[edit]
Learning in Markov games: Can we exploit a general-sum opponent?
Proceedings of the Thirty-Eighth Conference on Uncertainty in Artificial Intelligence, PMLR 180:1665-1675, 2022.
Abstract
In this paper, we study the learning problem in two-player general-sum Markov Games. We consider the online setting where we control a single player, playing against an arbitrary opponent to minimize the regret. Previous works only consider the zero-sum Markov Games setting, in which the two agents are completely adversarial. However, in some cases, the two agents may have different reward functions without having conflicting objectives. This involves a stronger notion of regret than the one used in previous works.
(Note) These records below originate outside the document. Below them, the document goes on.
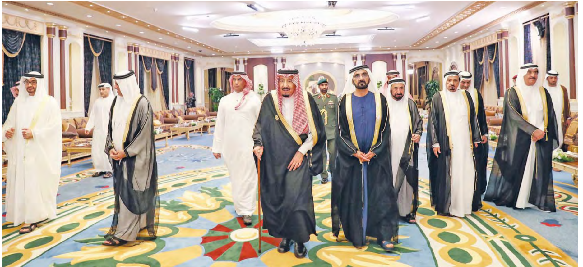
قيادة السعودية والإمارات تحرس على تطابق الرؤى ومأسسة العلاقات بما يكفل ازدهار البلدين | أرشيفية

وأضاف سموه: «إن التاريخ العربي سوف يتذكر على الدوام المواقف التاريخية لخدام الحرمين الشريفين الملك سلمان بن عبدالعزيز، وقراراته الحاسمة والحازمة في مواجهة محاولات التدخل في المنطقة العربية، من قبل أطراف خارجية لها أطماعها فيها». وشهدت العلاقات الثنائية نقلة نوعية تمثلت في حرص القيادة في كلا البلدين الشقيقين على تأسيس هذه العلاقات من خلال تأسيس لجنة عليا مشتركة في مايو 2014 برئاسة وزيري الخارجية في البلدين، وقد عملت هذه اللجنة على تنفيذ الرؤية الاستراتيجية لقيادتي البلدين للوقوف على آفاق أرحب وأكثر أمناً واستقراراً لمواجهة التحديات في المنطقة وذلك في إطار كيان قوي متماسك بما يعود بالخير على الشعبين الشقيقين ويدعم مسيرة العمل الخليجي المشترك.
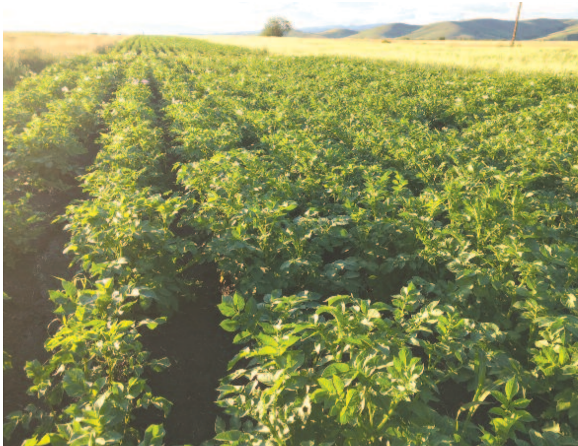
A szóban forgó burgonyaültetvény 2018. július elején

is több helyen előfordultak. A főként füves területeken történő lassú vándorlásuk során elérték egyes települések határát, több helyen ezreléssel keltek át közutakon, riadalmat keltve a gazdákat, a lakosságot és az autózók körében. A megyei hatóságok a leginkább érintett Gyergyószárhegy határában több mint ötvenhektáros területen rovarirtó szerekkel permeteztek, más érintett területeken végül elmaradt a rovarirtás. Ugyan nem kártevő rovarként tartják számon, de a tavaly jelentősen elszaporodott fogasfarkú szöcskék elsősorban a nagy levelű kétszikű növények (pl. bojtorján, nadálytő, pitypang stb.) levelének megrágásával minden bizonnyal okoztak termés kiesést azokon a füves területeken – elvételre lucernásokban, lóherésekben –, ahol átvoztak, látványosabb kárt a Szárhegy határában lévő Tatárdomb közeléből jeleztek. Mezőgazdasági- lag művelt területeken, kertekben kimutatható kártételről nem érke-
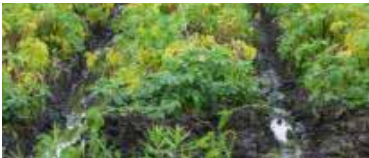
(写真:長沼町長沼北地区)
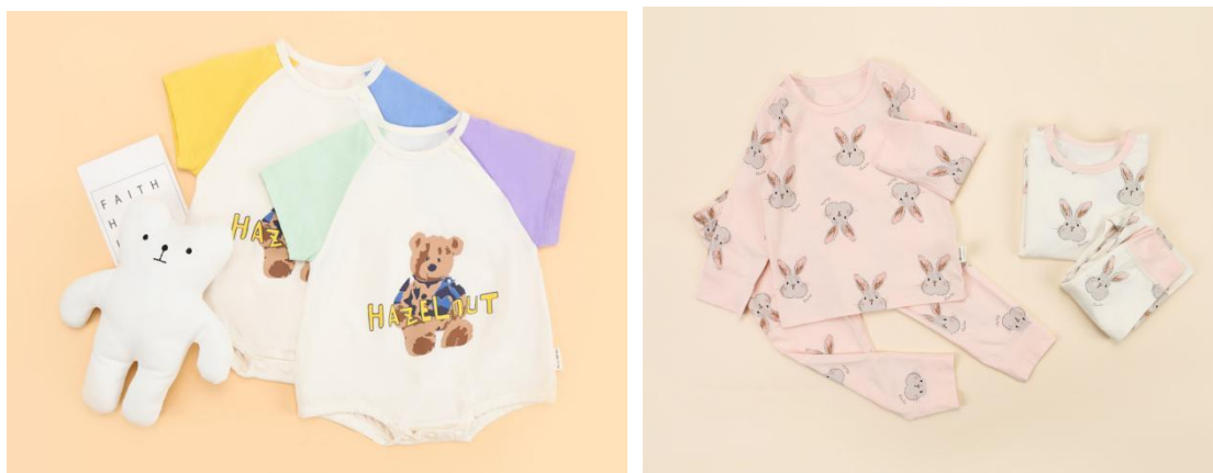
公司“寓教于乐”的超预期需求的案例

让宝贝在牙牙学语的时候认识世界。基于“同理心”换位思考，站在妈妈的角度呵护宝贝，赋予产品超预期需求价值。
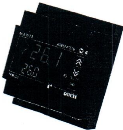
Рис.1 - Общий вид приборов в корпусе Д – для крепления на DIN-рейку

Фотографии общего вида приборов приведены на рисунках 1-4.
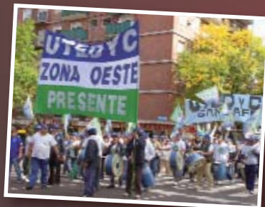
Acto de la CGT
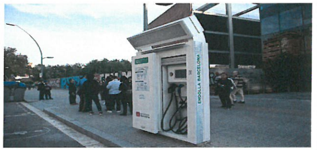
스마트거리 전기 충전기
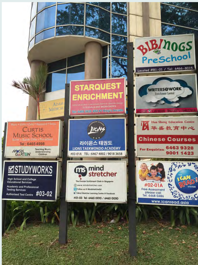
当代新加坡越来越常见这种“特别加强”和“小班教学”的广告。

Youyenn Teo, Nanyang Technological University, 新加坡
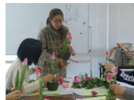
▲フラワーアレンジ教室 ※3
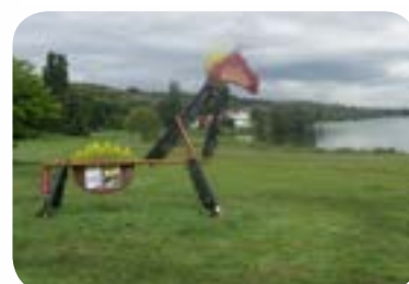
2007 : «Bestiaire» au lac Kir de Dijon
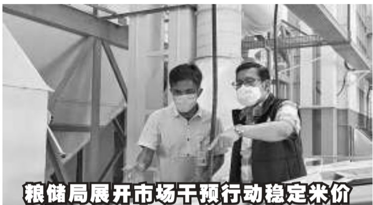
粮储局展开市场干预行动稳定米价

为稳定市场的米价，国家粮食机构大量分配了粮储公共公司大米。图为国家粮食机构主任阿里夫(Arief Prasetyo Adi/右)在粮储局的仓库里，正查看稻谷和稻米质量的情景。
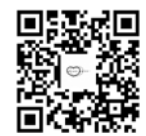
プレゼント企画HP QRコード
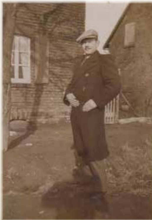
BRONISŁAW SOŁTYSIAK

W aktach Gminnego Koła ZBoWiD w Suchym Lesie zachowało się jego imię i nazwisko oraz fotografia. Brak innych danych.
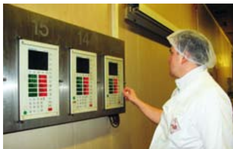
12.00 Následuje tepelná úprava. Párky, salámy i další speciality projdou komorami, v nichž se vaří a udí.
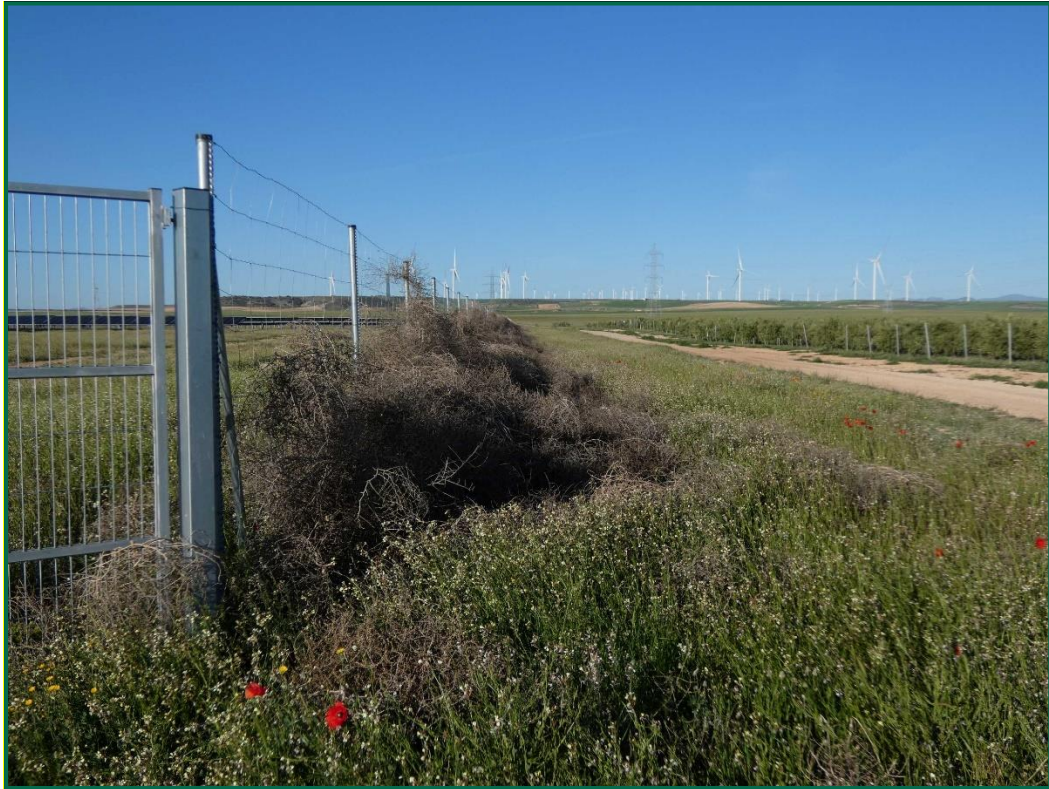
Fotografía 4. Franja vegetal y plantas rodadoras acumuladas sobre el vallado.

This class of games, called general-sum Markov Games is far to be well understood and studied. We show that the new regret minimization problem is significantly harder than in standard Markov Decision Processes and zero-sum Markov Games. To do this, we derive a lower bound on the expected regret of any “good” learning strategy which shows the constant dependencies with the number of deterministic policies, which is not present in zerosum Markov Games and Markov Decision Processes. Then we propose a novel optimistic algorithm that nearly matches the proposed lower bound. Proving these results requires overcoming several new challenges that are not present in Markov Decision Processes or zero-sum Markov Games.